Joyce L. Breckenridge – 10/17/04


This page was last updated on October 18, 2004.


Reject the politics of fear; Joyce L. Breckenridge; Beaver County Times; October 17, 2004.

Below is a detailed critique of the subject letter.

10/18/04 -    A central theme of Ms. Breckenridge’s letter is that a lifelong Republican will vote for John Kerry.  In my original critique I forgot to mention there are also lifelong Democrats rejecting “the politics of fear, divisiveness, and distortion” and voting for President Bush.  Zell Miller (D-GA) and former New York mayor Ed Koch are only two examples.


“John Eisenhower is a lifelong Republican in the tradition of his late father, former President (and World War II general) Dwight D. Eisenhower.

“Recently, however, he has switched his party registration to Independent, and has declared that he will vote for John Kerry.  In a recent article in the New Hampshire Union Leader Sunday News, he wrote, in part,

“‘Today’s Republican leadership, while not solely accountable for the loss of American jobs, encourages it with its tax code and heads us in the direction of a society of very rich and very poor.  Sen. Kerry, in whom I am willing to place my trust, has demonstrated that he is courageous, sober, competent, and concerned with fighting the dangers associated with the widening socioeconomic gap in this country.

[RWC] The portions of the tax code the Kerry gang claims encourages job loss have been in place for decades; they were not enacted by “today’s Republican leadership.”  John Kerry has been in the Senate for 20 years.  Why has he done nothing about it until now?  The reason is that the tax code does not encourage companies to send jobs overseas, but it sounds good.

Based on Mr. Eisenhower’s words, he may have been a registered Republican, but he certainly is not a conservative.

“‘I will vote for him enthusiastically.  I celebrate, along with other Americans, the diversity of opinion in this country.  But let it be based on careful thought.  I urge everyone, Republicans and Democrats alike, to avoid voting for a ticket merely because it carries the label of the party of one’s parents or of our own ingrained habits.’

“I hope for the sake of this nation that the majority of voters can, like John Eisenhower, reject the politics of fear, divisiveness, and distortion, and vote for the person best qualified, overall, to be the leader of this nation.  As evidenced in the debates, that person is clearly John Kerry.”

[RWC] When Ms.

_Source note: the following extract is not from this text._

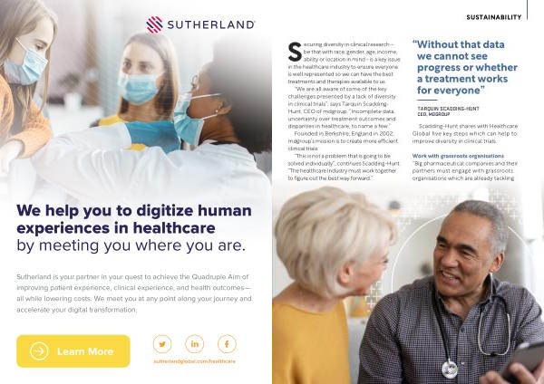 Sutherland is your partner in your quest to achieve the Quadruple Aim of improving patient experience , clinical experience , and health outcomes — all while lowering costs . We meet you at any point along your journey and accelerate your digital transformation .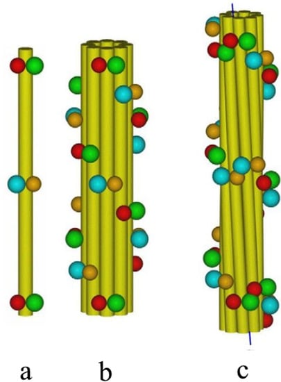 Models of (a) a single protofilament in the reduced state, (b) the reduced IF with eight protofilaments arranged on a ring of radius 3.5 nm, and (c) the oxidized IF, again with eight protofilaments, arranged on a ring of radius 3.0 nm. The yellow cylinders represent the rod domain of the IF molecules, whereas the spheres represent the terminal domains: green = both heads of the Up strands, red = both tails of the Up strands, blue = both heads of the Down strands, and orange = both tails of the Down strands. In (b) the terminal domains in the reduced structure are arranged on a two-start left-handed helix, thereby giving rise to a diagonal banding with a spacing of 22 nm. In contrast, in (c) the terminal domains in the oxidized structure with its dislocated lattice lie on a one-start helix of pitch length 23.5 nm. Figure reproduced from [97] with permission of Springer.

Breckenridge wrote she hopes “for the sake of this nation that the majority of voters can … reject the politics of fear, divisiveness, and distortion, and vote for the person best qualified, overall, to be the leader of this nation,” I thought she was going to say she supported President Bush.  Instead, she appears to support “the politics of fear, divisiveness, and distortion.”